Security News > 2020 > December > Microsoft identifies 40+ victims of SolarWinds hack, 80% from US
After the malicious Orion upgrades were installed on the systems of thousands of SolarWinds customers, Microsoft President Brad Smith said that the suspected Russian hacking group were able to "Pick and choose" targets of interest already compromised organizations.
Based on information gathered while investigating the still ongoing hacking campaign, Microsoft has notified the over 40 organizations that were "Targeted more precisely and compromised through additional and sophisticated measures."
80% of the identified victims are located in the United States and the rest of 20% is spread over seven other countries including Canada, Mexico, Belgium, Spain, the United Kingdom, Israel, and the UAE. A heat map of all Microsoft customers that were hit in the SolarWinds supply chain attack after installing the backdoor tracked as Solarigate or Sunburst via the compromised Orion auto-update mechanism.

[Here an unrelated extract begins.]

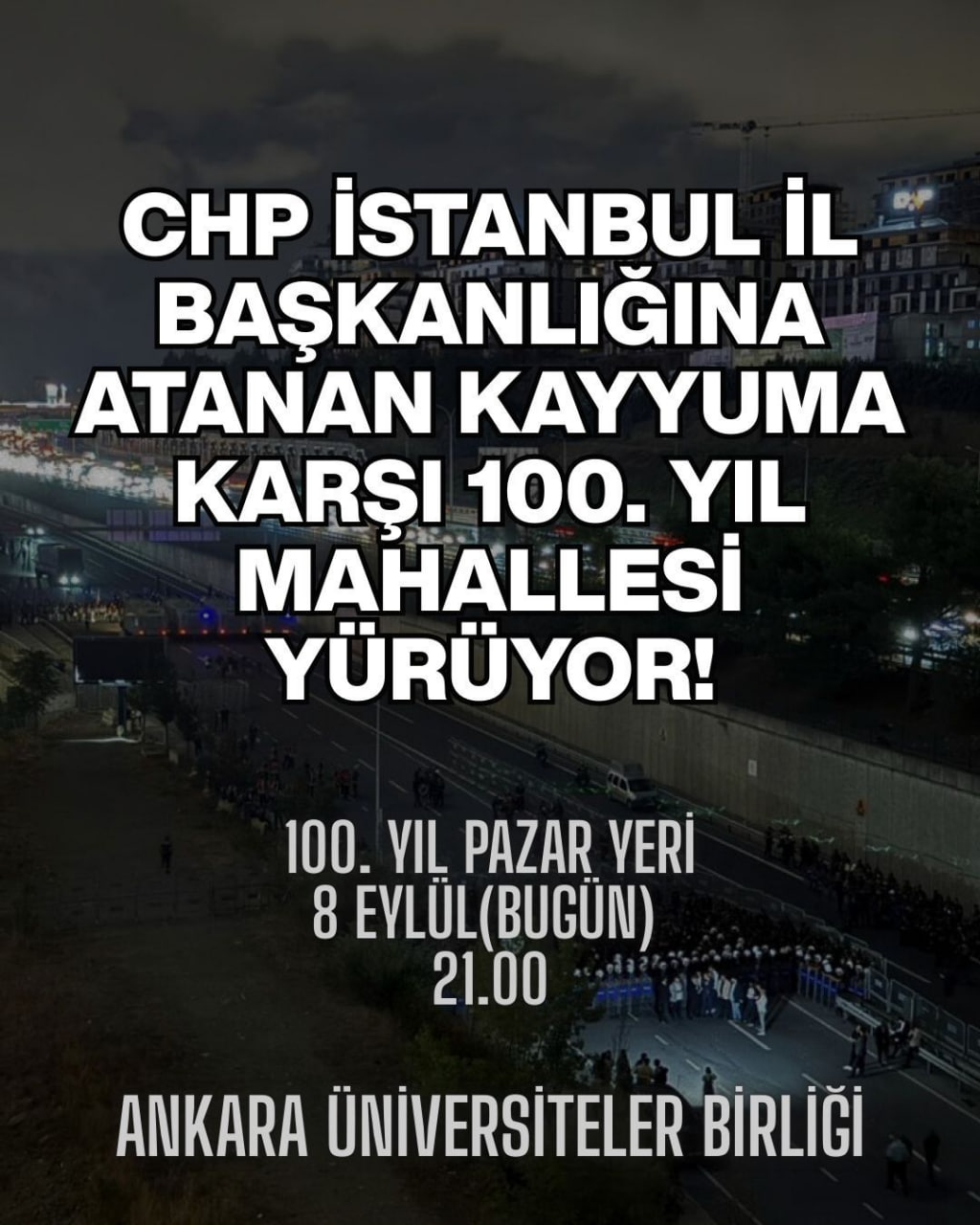 Ankara Üniversiteliler Birliği 8 Eylül Pazartesi günü saat 21.00’da 100. Yıl Pazar Yeri’ne çağrı yaptı.

The US government targets breached following the SolarWinds hack coordinate finance, national security, health, and telecommunications sectors, while government contractor victims are focused on supporting defense and national security organizations.
SolarWinds' list of 300,000 customers [1, 2] includes over 425 US Fortune 500 companies, all top ten US telecom companies, and US government agencies including the US Military, the US Pentagon, the US Department of Justice, the State Department, NASA, NSA, Postal Service, NOAA, and the Office of the President of the United States, some of which have already been confirmed as hacked.